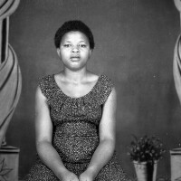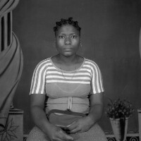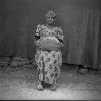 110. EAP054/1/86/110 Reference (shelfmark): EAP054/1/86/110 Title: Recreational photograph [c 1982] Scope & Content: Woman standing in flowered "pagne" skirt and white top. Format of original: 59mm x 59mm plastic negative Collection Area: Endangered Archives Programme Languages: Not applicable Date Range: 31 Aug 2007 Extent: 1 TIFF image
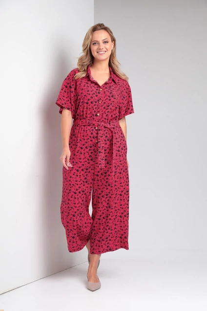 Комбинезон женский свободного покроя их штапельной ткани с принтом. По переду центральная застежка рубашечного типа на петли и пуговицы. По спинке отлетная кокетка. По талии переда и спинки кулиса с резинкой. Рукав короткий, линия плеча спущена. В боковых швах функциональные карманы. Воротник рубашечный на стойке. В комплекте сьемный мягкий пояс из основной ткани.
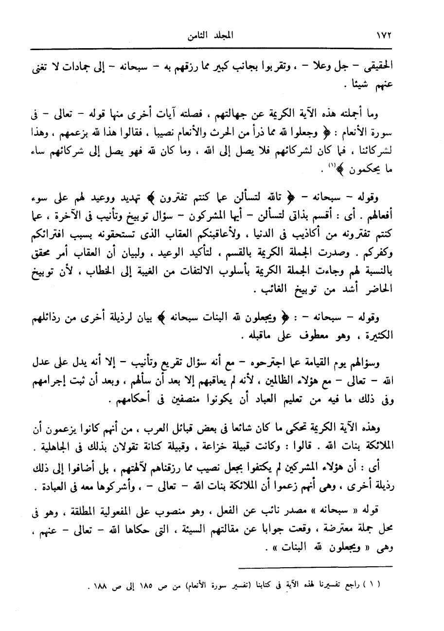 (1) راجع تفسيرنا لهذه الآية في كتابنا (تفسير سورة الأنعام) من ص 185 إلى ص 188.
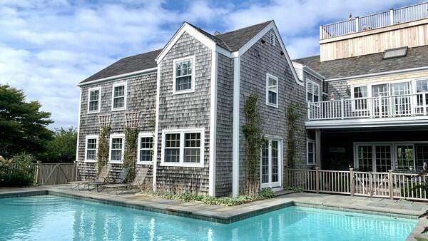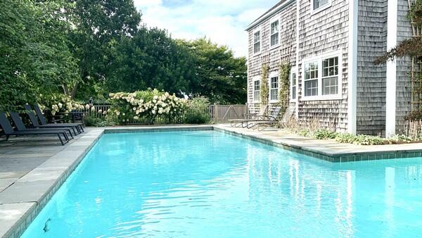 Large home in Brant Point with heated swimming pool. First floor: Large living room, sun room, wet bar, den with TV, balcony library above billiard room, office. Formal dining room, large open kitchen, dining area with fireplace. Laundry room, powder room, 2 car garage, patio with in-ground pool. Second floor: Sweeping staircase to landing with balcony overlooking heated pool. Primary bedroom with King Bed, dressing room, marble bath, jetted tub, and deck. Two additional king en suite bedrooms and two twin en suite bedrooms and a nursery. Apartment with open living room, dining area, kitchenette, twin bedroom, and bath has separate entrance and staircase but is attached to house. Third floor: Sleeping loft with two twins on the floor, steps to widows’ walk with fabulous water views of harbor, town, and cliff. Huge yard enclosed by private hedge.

---------------

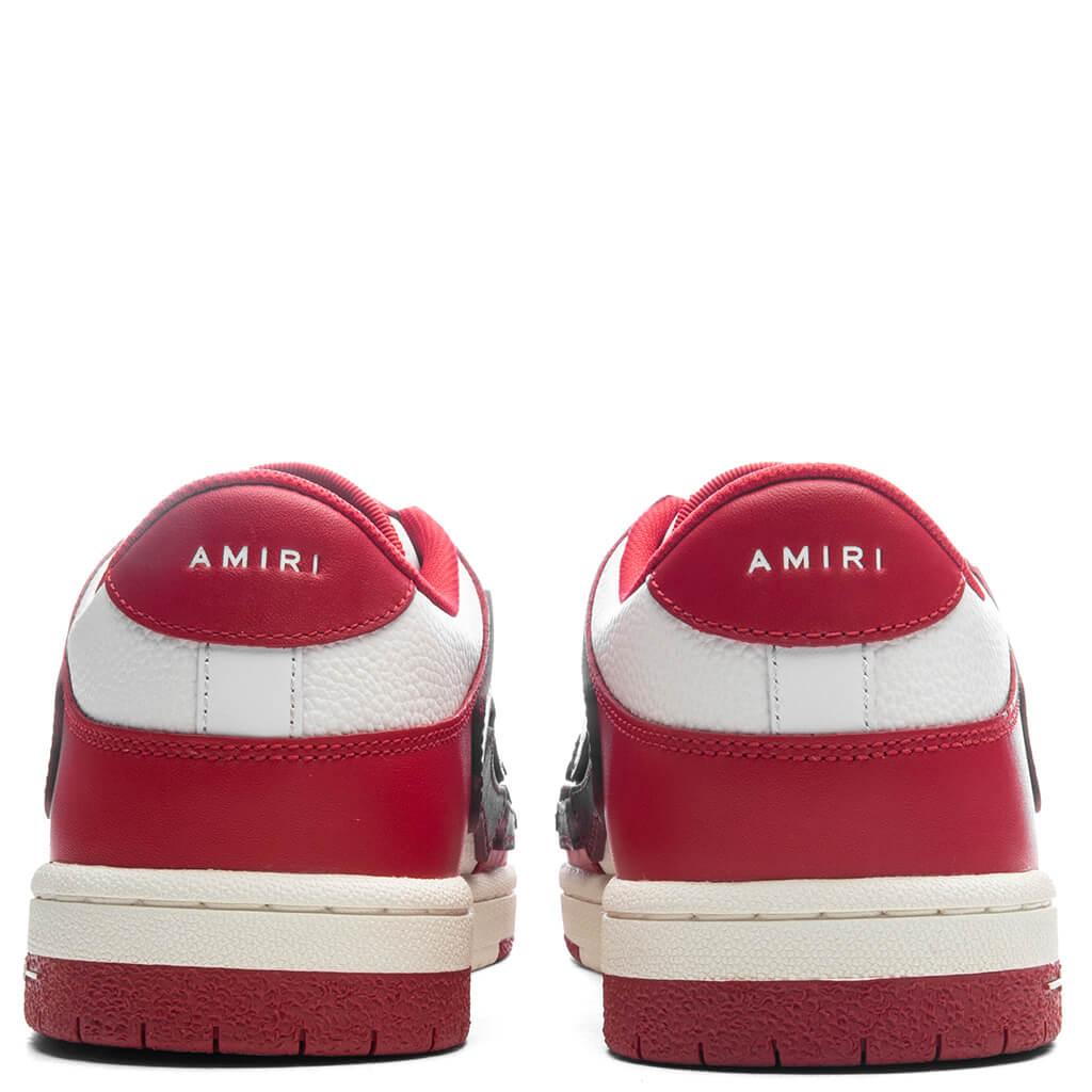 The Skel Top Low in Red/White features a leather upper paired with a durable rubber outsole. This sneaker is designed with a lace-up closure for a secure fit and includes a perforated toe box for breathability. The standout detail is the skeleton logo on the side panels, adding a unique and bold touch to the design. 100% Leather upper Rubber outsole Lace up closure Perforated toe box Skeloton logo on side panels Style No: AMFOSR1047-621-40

---------------

■ EXERCISE: Repeat exactly the stretch of the listing above that starts with the line holding "Комбинезон женский свободного" and finishes with the line holding "(1) راجع تفسيرنا", both included. Skip every picture.

■ YOUR RESPONSE:
 Комбинезон женский свободного покроя их штапельной ткани с принтом. По переду центральная застежка рубашечного типа на петли и пуговицы. По спинке отлетная кокетка. По талии переда и спинки кулиса с резинкой. Рукав короткий, линия плеча спущена. В боковых швах функциональные карманы. Воротник рубашечный на стойке. В комплекте сьемный мягкий пояс из основной ткани.
 (1) راجع تفسيرنا لهذه الآية في كتابنا (تفسير سورة الأنعام) من ص 185 إلى ص 188.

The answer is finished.